С течением времени камера в книжке зазвучала. Я отчетливо слышал звуки рояля. Правда, если бы кому-нибудь я сказал бы об этом, надо полагать, мне посоветовали бы обратиться к врачу. Сказали бы, что играют внизу под полом, и даже сказали бы, возможно, что именно играют. Но я не обратил бы внимания на эти слова. Нет, нет! Играют на рояле у меня на столе, здесь происходит тихий перезвон клавишей. Но этого мало. Когда затихает дом и внизу ровно ни на чем не играют, я слышу, как сквозь вьюгу прорывается и тоскливая, и злобная гармоника, а к гармонике присоединяются и сердитые, и печальные голоса и ноют, ноют. О нет, это не под полом! Зачем же гаснет комнатка, зачем на страницах наступает зимняя ночь над Днепром, зачем выступают лошадиные морды, а над ними лица людей в папахах? И вижу я острые шашки, и слышу я душу терзающий свист.

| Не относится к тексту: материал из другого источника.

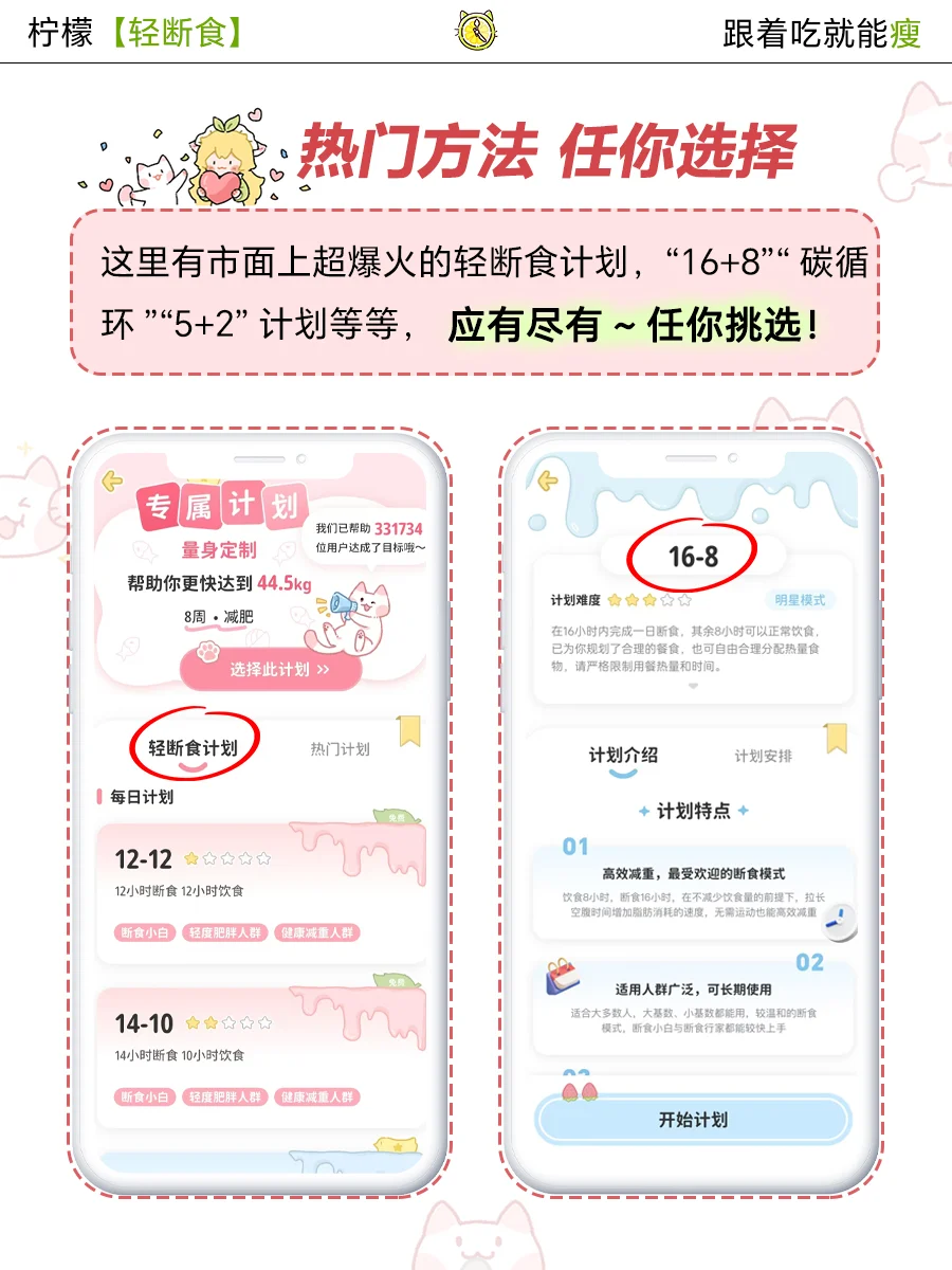 这里有全网爆火的轻断食计划,“16+8”“碳循环”“5+2”计划💞等等,应有尽有~任你选择!

Вон бежит, задыхаясь, человечек. Сквозь табачный дым я слежу за ним, я напрягаю зрение и вижу: сверкнуло сзади человечка, выстрел, он, охнув, падает навзничь, как будто острым ножом его спереди ударили в сердце. Он неподвижно лежит, и от головы растекается черная лужица. А в высоте луна, а вдали цепочкой грустные, красноватые огоньки в селении.
Всю жизнь можно было бы играть в эту игру, глядеть в страницу… А как бы фиксировать эти фигурки? Так, чтобы они не ушли уже более никуда?
И ночью однажды я решил эту волшебную камеру описать. Как же ее описать?
А очень просто. Что видишь, то и пиши, а чего не видишь, писать не следует. Вот: картинка загорается, картинка расцвечивается. Она мне нравится? Чрезвычайно. Стало быть, я и пишу: картинка первая. Я вижу вечер, горит лампа. Бахрома абажура. Ноты на рояле раскрыты. Играют «Фауста». Вдруг «Фауст» смолкает, но начинает играть гитара. Кто играет? Вон он выходит из дверей с гитарой в руке. Слышу – напевает. Пишу – напевает.
Да это, оказывается, прелестная игра! Не надо ходить ни на вечеринки, ни в театр ходить не нужно.
Ночи три я провозился, играя с первой картинкой, и к концу этой ночи я понял, что сочиняю пьесу.
В апреле месяце, когда исчез снег со двора, первая картинка была разработана. Герои мои и двигались, и ходили, и говорили.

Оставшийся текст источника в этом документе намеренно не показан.